I stared at him, not understanding, not even knowing how to begin arguing with him. "Because ... Just because ... How can you even ask me that? Rabbit, it's so basic. It doesn't get any more basic than that. I don't know anything about myself. It's like I've got this shoebox inside of me and it's empty. Totally empty. I want to fill it. I've got to. I've always wondered about so many things. Did I walk early? When did I lose my first tooth? Who's my father and what happened to him? None of this makes any sense. I already told you. I want to know."

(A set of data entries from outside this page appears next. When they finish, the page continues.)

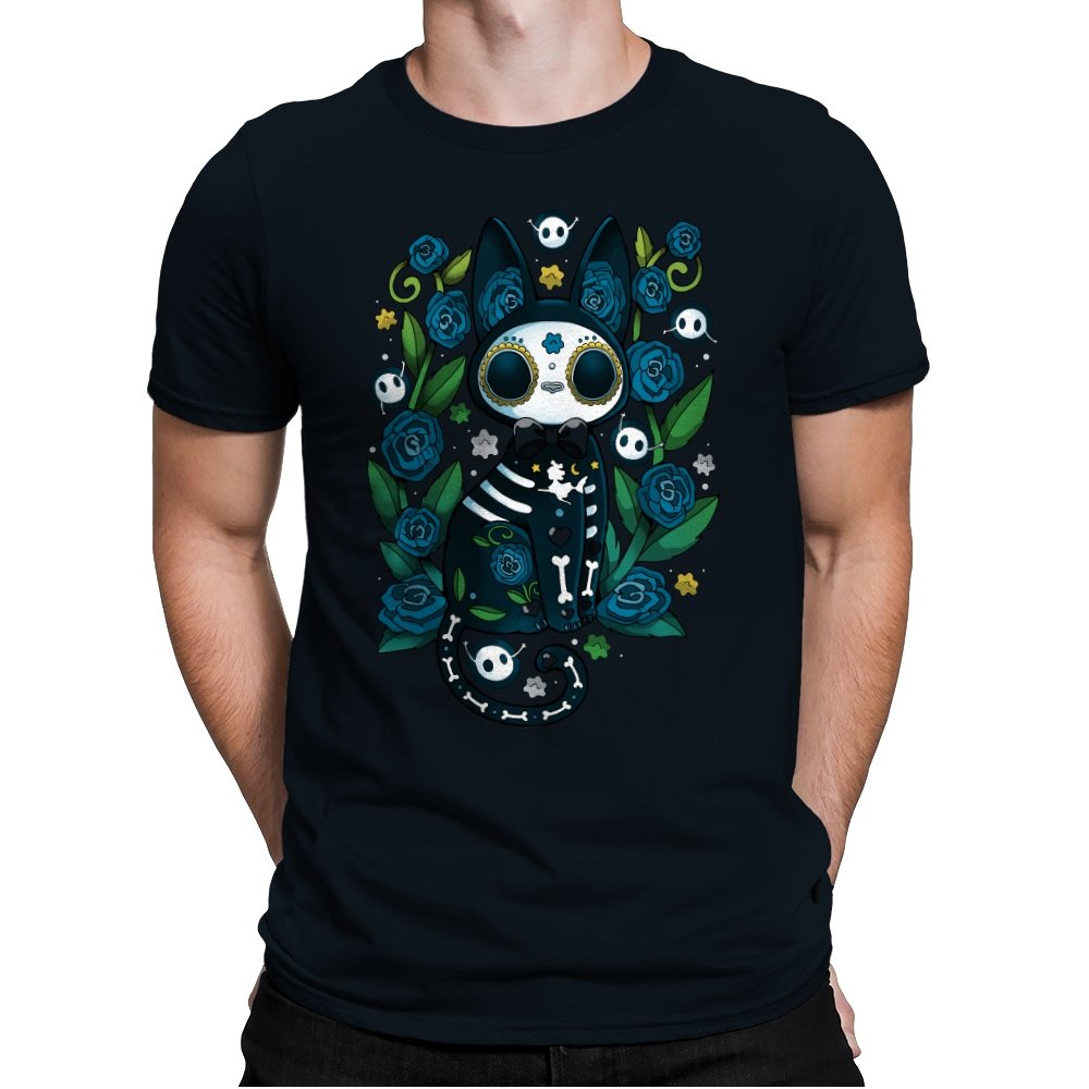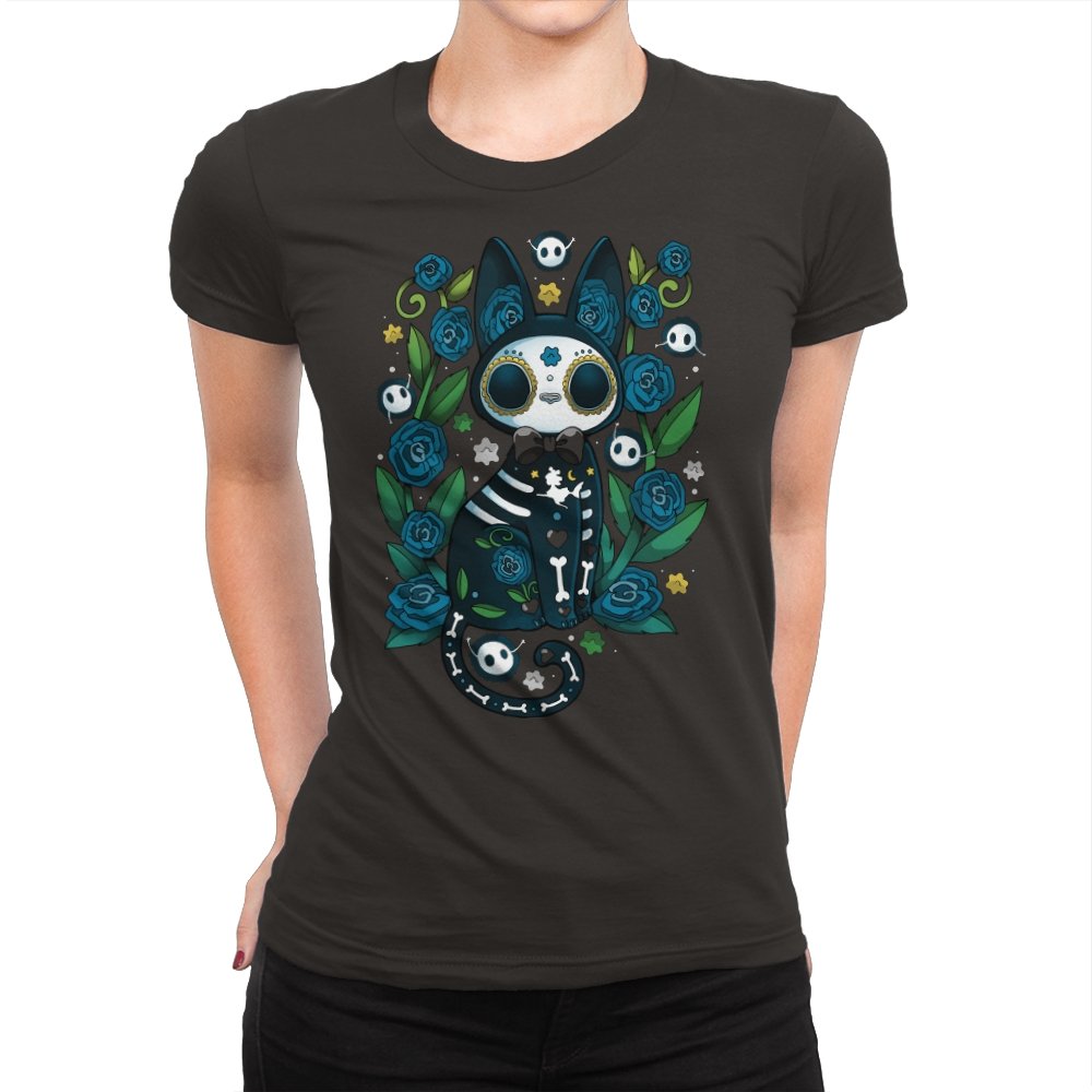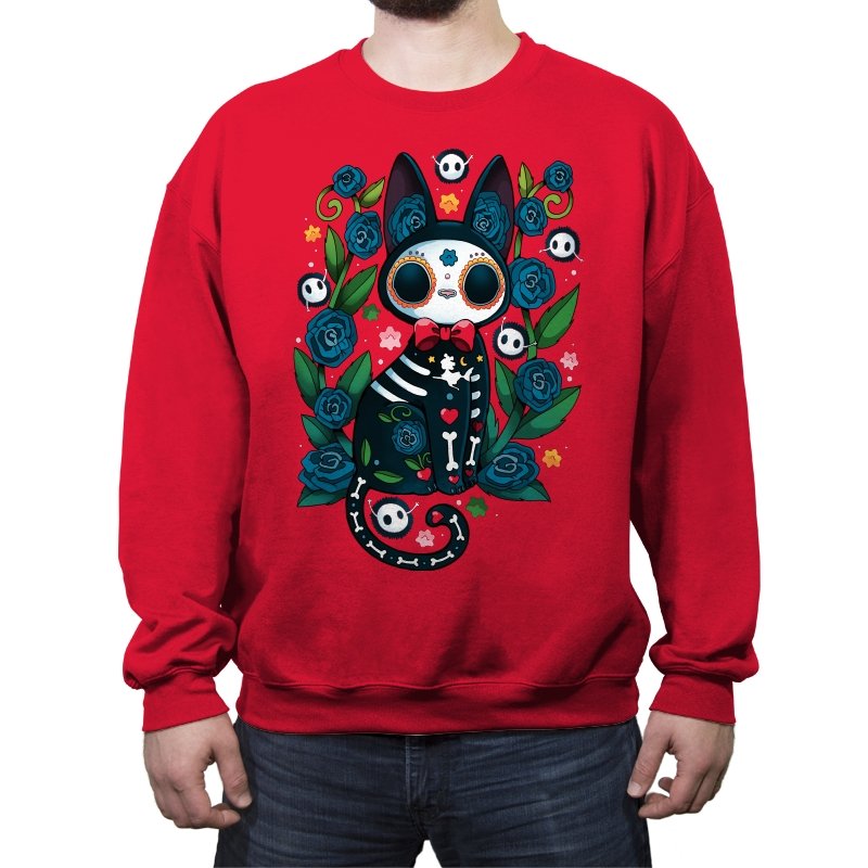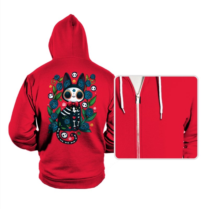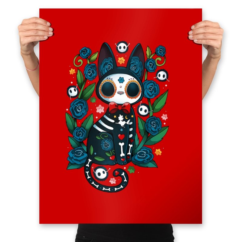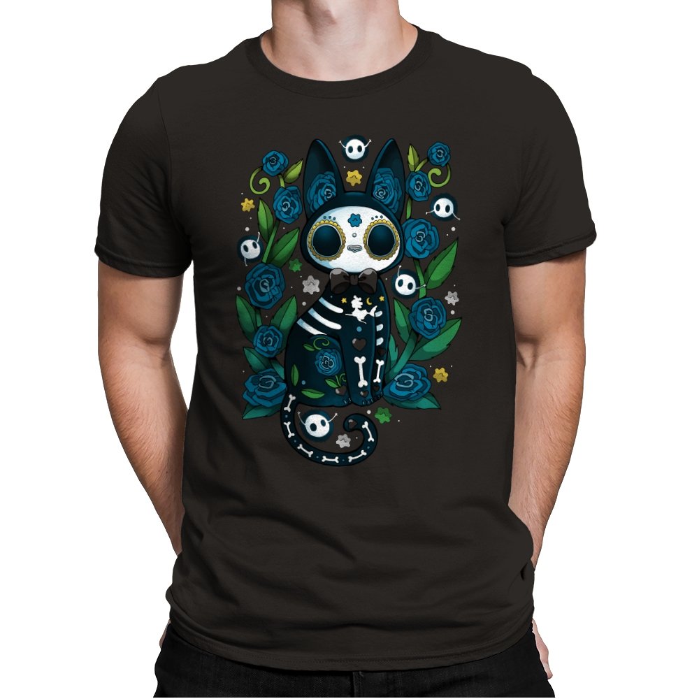 This design blends sugar skull symbolism with a familiar witchy silhouette, turning a black cat into something both cute and ceremonial. Floral details, stitched bones, and bright accents balance the darker theme with careful symmetry and color. It feels hand-illustrated and intentional, pulling from folklore and festival imagery without spelling it out. If you recognize the visual language, the reference speaks quietly but clearly.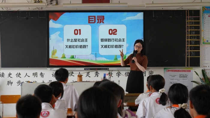 社會主義核心價值觀是社會主義核心價值體系的內(nèi)核,體現(xiàn)社會主義核心價值體系的根本性質(zhì)和基本特征,反映社會主義核心價值體系的豐富內(nèi)涵和實踐要求。為弘揚(yáng)社會主義核心價值觀,加強(qiáng)對中小學(xué)生社會主義核心價值觀的教育引導(dǎo),落實立德樹人的根本任務(wù),3月9日下午,三角中學(xué)開展“踐行社會主義核心價值觀,爭做文明中小學(xué)生”主題班會活動。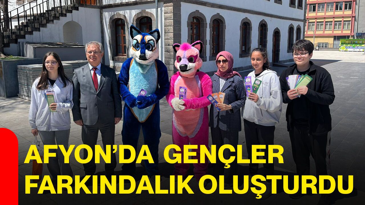 Afyon Lisesi Yeşilay Kulübü öğrencileri tarafından yürütülen “Ekranı Bırak, Hayata Bak” projesi kapsamında Zafer Meydanı’nda dikkat çeken bir etkinlik düzenlendi. Renkli görüntülere sahne olan etkinlikte öğrenciler, çeşitli kostümler giyerek vatandaşlara el broşürleri dağıttı ve dijital bağımlılığa karşı farkındalık oluşturdu. Gençlerin yoğun ilgi gösterdiği etkinlikte, teknolojinin bilinçsiz kullanımının zararlarına dikkat çekilirken, ekran dışı sosyal aktivitelerin önemine vurgu yapıldı.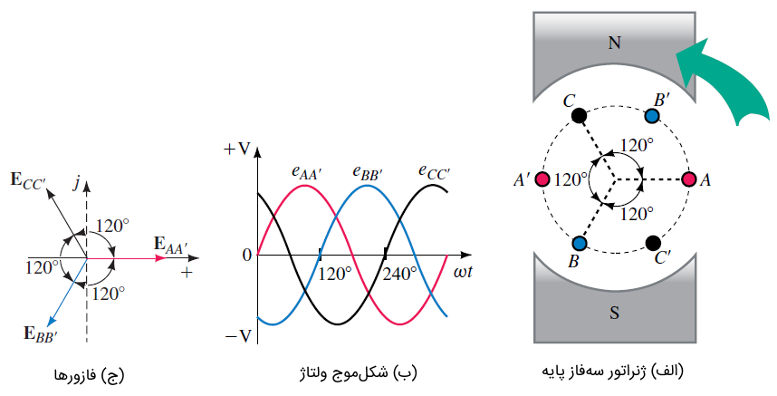 اگر دو سیمپیچ دیگر به شکل ۱ اضافه کنیم، دو ولتاژ دیگر نیز تولید میشود (شکل ۲). از آن جایی که این سیم پیچها مشابه هستند (تفاوت آنها فقط در موقعیت روی رتور است)، ولتاژهای یکسانی تولید میکنند. هرچند، چون سیمپیچ بهاندازه عقبتر از سیمپیچ است، ولتاژ بهاندازه از عقبتر خواهد بود. بهطریق مشابه، سیمپیچ که جلوتر از سیمپیچ است، ولتاژ را تولید میکند که بهاندازه پیشفاز است. شکلموجها در شکل ۲ (ب)، و فازورها در شکل ۲ (ج) نشان داده شدهاند. همانگونه که مشخص است، اندازه ولتاژها برابر است و زاویه آنها به اندازه با هم تفاوت دارد.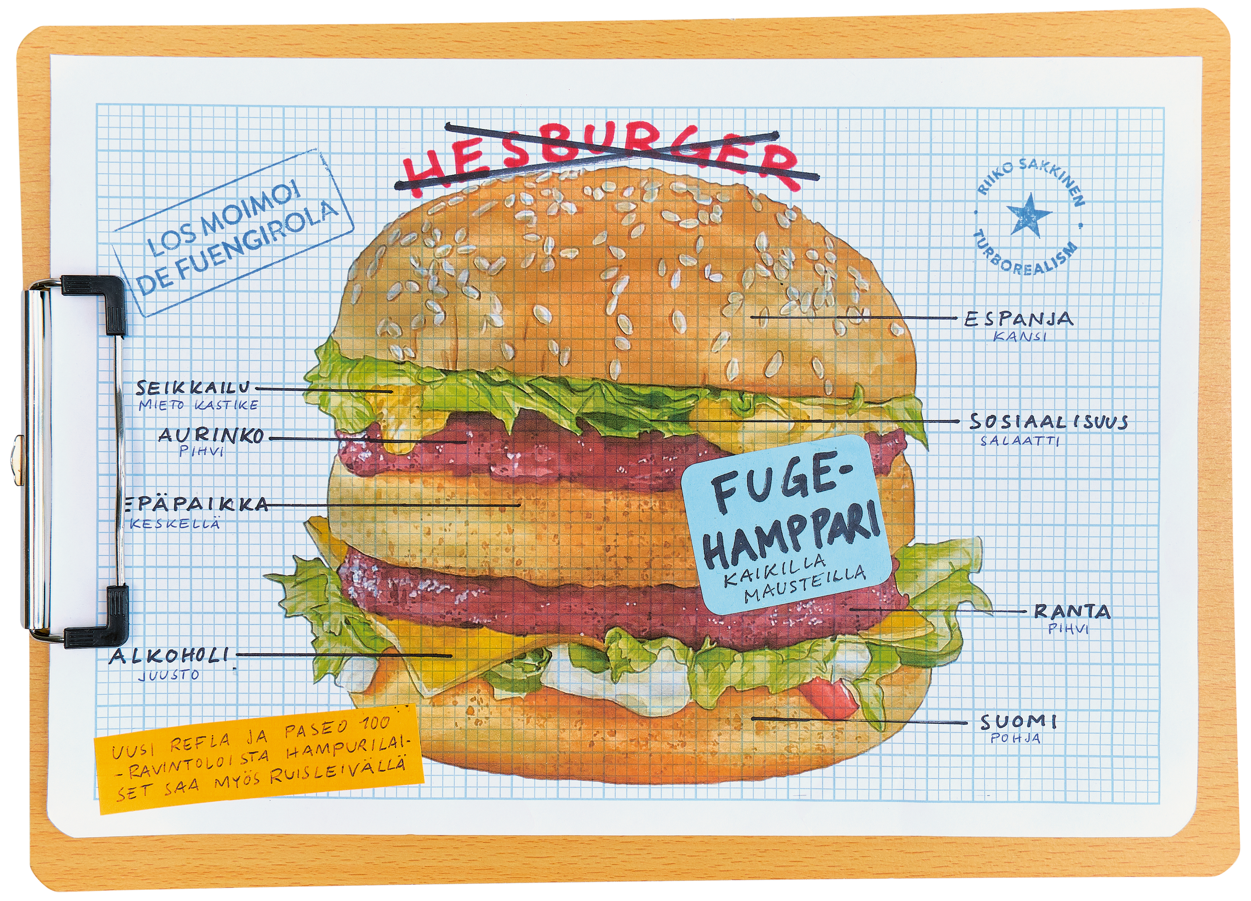 Taiteilijan mukaan ”Fuge” on utopia ja ikään kuin parempi versio suomalaisuudesta ja Suomesta. Kirjan ja näyttelyn nimi viittaa paikallisten espanjalaisten suomalaisille antamaan nimeen ”los moimoi”, joka puolestaan viittaa suomalaisten tapaan tervehtiä toisiaan. Sakkisen mukaan paikallisten suomalaisten haastatteluissa korostui se, että monet olivat tulleet Fuengirolaan nimenomaan pakoon jotain: Suomen säätä ja ilmastoa, velkoja tai muita talousasioita tai jopa poliisia. Kotimaasta muistuttavat muun muassa Suomesta tuodut elintarvikkeet, suomalaisten omat ravintolat ja vaikkapa pesäpallo.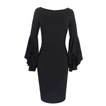 Show moreStep into elegance with the **VFSHOW Women's Ruffle Bell Sleeves Business Cocktail Party Sheath Dress**. Designed for the modern woman, this stunning dress features an eye-catching round neckline and beautiful ruffle bell sleeves that offer a unique flair to your outfit. Crafted meticulously to highlight a slim fitting silhouette, the sheath design beautifully hugs your curves, while the concealed back zipper ensures a sleek look. The added back slit not only enhances your elegance but also allows for comfortable movement, making it the perfect choice whether you're at a cocktail party, business event, or a wedding.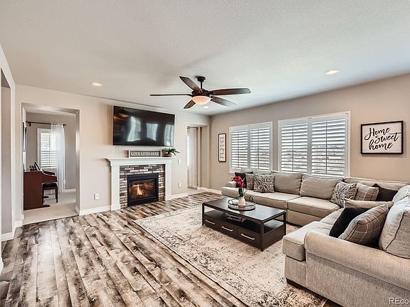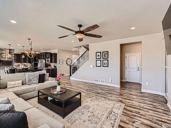 Absolutely stunning home in Castle Rock! This 4 bedroom 4 bathroom home has been meticulously maintained and cared for with upgrades galore! The open floorplan is perfect for entertaining! Oversized kitchen with 42' cabinets, stainless steel appliances, granite countertops and a large pantry! All 4 bedrooms are on the upper floor along with the laundry room and a cozy loft! Brand new carpet! The outside is where this home really shines! Breathtaking views of open space, a fire pit, water feature, outdoor BBQ, hot tub and newly installed artificial grass!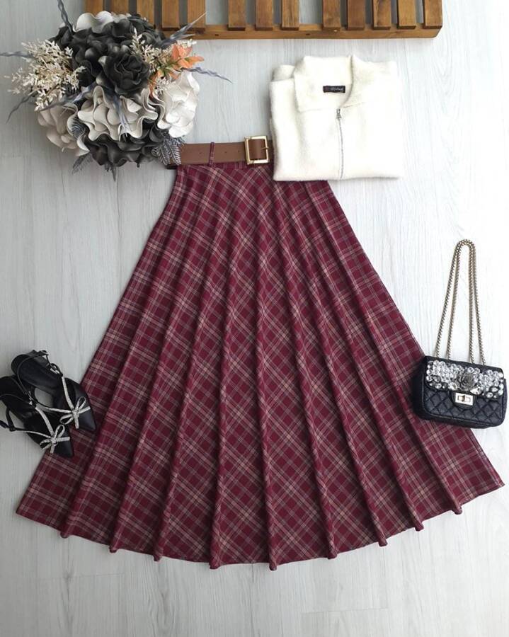 OYFE DERİ KEMERLİ BEL YANDAN FERMUARLI EKOSE KİLOŞ ETEK B7-3-6086-04-BORDO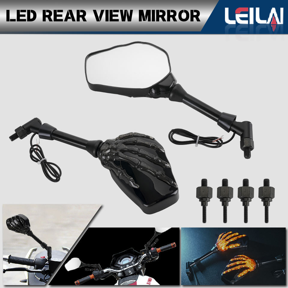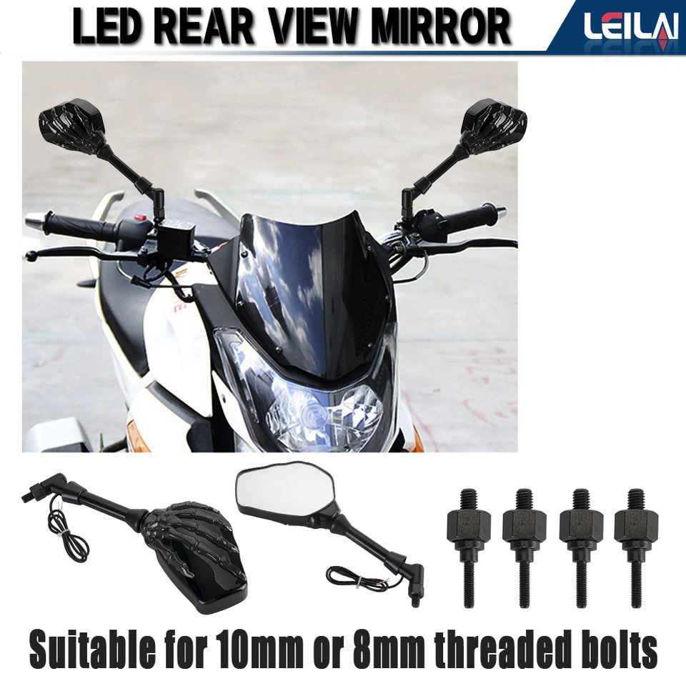 Espejo retrovisor Led para motocicleta, adecuado para pernos roscados de 8mm o 10mm, garra fantasma, precio al por mayor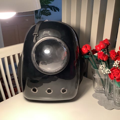Reppu on musta ja harmaa, ja siinä on säädettävät olkahihnat mukavaan kantamiseen. Reppu laajenee takaa vetoketjuilla jaettujen verkkopaneelien avulla. Sopii pienille lemmikeille, kuten kissoille tai pienille koirille. Reppu tarjoaa lemmikille hyvän näkyvyyden ja ilmankierron matkan aikana.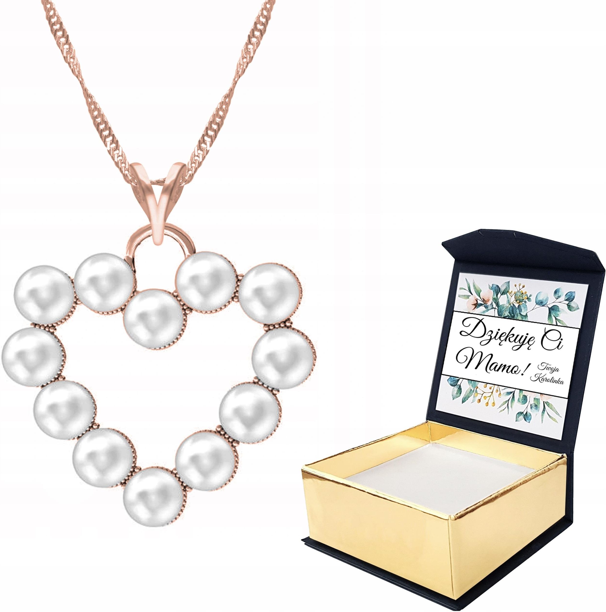 Larezo Naszyjnik różowe złoto Serce Perły + WŁASNY NADRUK Grybów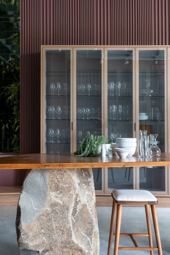 Para taças, copos e louças, por exemplo, você pode optar por uma cristaleira ao invés de um armário fechado.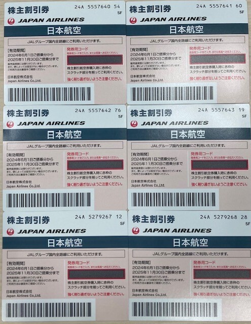 > JAL 日本航空 株主優待券 2025年10月31日まで搭乗分6枚 まで準備有り 即決あり☆ ※1枚価格になります【迅速にコードを通知します】

"Some things are better not to know. Believe me, you're the lucky one. Do you think remembering every crappy little thing they did to me makes me a better person? Nuh uh. No way, Jose. I'd like to erase ninety-percent of the shit-o-la that I remember. Maybe I could sleep better. Sometimes, when I'm zooming on my board, I can forget ... almost. But no matter how fast I go, it still catches up with me in the end."

"But, Rabbit ..."

"No but's. Listen, my chiquita, and listen good for a change. It's not important who you were. It's important what you do. Where you go from here. No one knows that better than me." At last he let his hands drop away from his face. Even under his skateboarder's tan, Rabbit looked pale, a little queasy. Jeez, look at him. Did I look as bad as that? I felt like I did, my insides all carved out until I was completely hollow. Just a shell. A breeze could probably blow me over right now. As if he knew, Rabbit reached over and took my hand again. He squeezed very gently.

I laid my free hand on top of his. "Tell me," I said. "I deserve the truth."

"But can you handle it, blondie? Can you handle it all?"

I didn't know. There was only one way to find out.